К его выходкам привыкли и только еще больше расхохотались. Он серьезно рассердился и похвастался, что сыграет лучше всех любую роль мелодраматического разбойника.

— Почему бы и нет? — сказал Белламар. — Выучи какую-нибудь роль, мы прорепетируем ее вместе, а там видно будет.
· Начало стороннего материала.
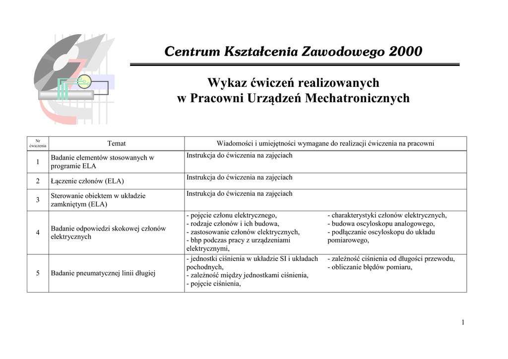 Wykaz ćwiczeń w pracowni urz¹dzeń mechatronicznych
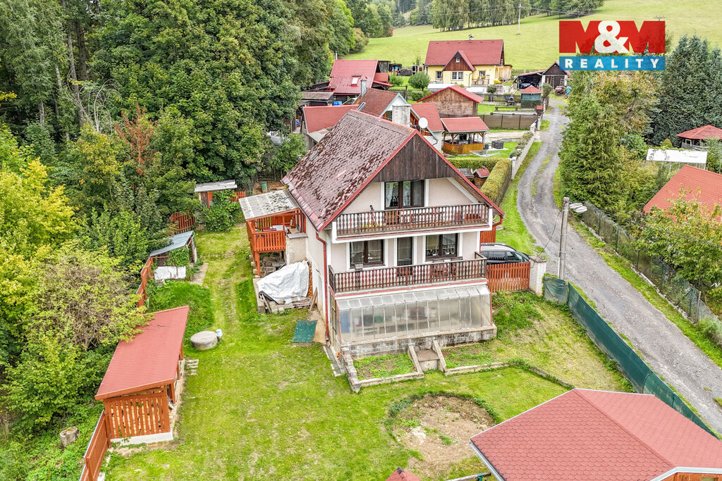 Nabízíme k prodeji rodinný dům v klidné obci Chotěnov, nedaleko Mariánských Lázní. Tento samostatně stojící cihlový dům zaujme svou polohou a dispozicí. V přízemí se nachází pracovna, koupelna, dále prostorný obývací pokoj s krbem a vstupem na balkon, dále pak kuchyně, na kterou navazuje zastřešená terasa. V prvním patře jsou dva pokoje, z toho jeden s balkonem a druhá koupelna. Část domu je podsklepená a je možné využívat úložné prostory na půdě. Z kotelny je vstup na zahradu, na které se nachází skleník, zahradní domek a dřevník. K domu náleží pozemek o rozloze 973 m², ideální pro zahradničení, drobné hospodaření nebo relaxaci. Zdrojem vody je vlastní studna, odpady jsou svedeny do septiku. Tato nabídka je ideální pro ty, kteří hledají klidné bydlení v krásném čistém prostředí s dobrou dostupností do Mariánských Lázní. Neváhejte a domluvte si prohlídku ještě dnes!

Моранбуа попробовал и вполне удовлетворительно передал грубую ноту этого амплуа, но ему не доставало личной фантазии. Белламар стал внушать ему разные мысли и научил извлекать пользу из природных недостатков. Послушный с этим искусным и убедительным учителем, Моранбуа стал вполне сносным для провинции злодеем. Он ничего не портил и очень нравился простонародью. Успех его, однако, не опьянил, и он соглашался играть последние роли в тех пьесах, где он мог быть только полезным. Он никогда не считал унизительным для себя сыграть роль в три строчки, представить вора, крестьянина, пьяницу или рабочего в коротенькой сценке или даже облечься в ливрею и принести письмо. Смирение это было тем более трогательно, что в нем жило тайное убеждение, что он великий актер, доставлявшее ему ошибочное, но наивное удовлетворение, не внушавшее ему, однако, никакой гордыни, что Белламар весьма в нем ценил.
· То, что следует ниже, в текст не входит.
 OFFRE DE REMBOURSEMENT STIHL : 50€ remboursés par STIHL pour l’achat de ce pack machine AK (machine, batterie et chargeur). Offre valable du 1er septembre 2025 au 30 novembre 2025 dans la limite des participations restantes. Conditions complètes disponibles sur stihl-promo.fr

Но я еще не сообщил вам о самом странном результате этой ассоциации такого изящного, тонкого и литературного человека, как Белламар, с тем грубым, неотесанным и всегда невозможным по манерам и по речи существом, портрет которого я вам описываю. Белламар, подмечающий и отмечающий решительно все, открыл в Илларионе Моранбуа весьма проницательного и верного критика. Водя его с собой по парижским театрам, он был поражен его суждениями о пьесах и верными оценками актеров. Он повел его в музей для того, чтобы узнать, умеет ли он видеть, что нужно, вне театра; Моранбуа инстинктивно останавливался перед полотнами мастеров, приходил в восхищение от греческих статуй и бюстов римлян. Он не сумел объяснить, что такое именно красота идеальная и что такое красота реальная, но констатировал по-своему разницу между ними, и Белламар увидал, что он глубоко понял, в чем дело.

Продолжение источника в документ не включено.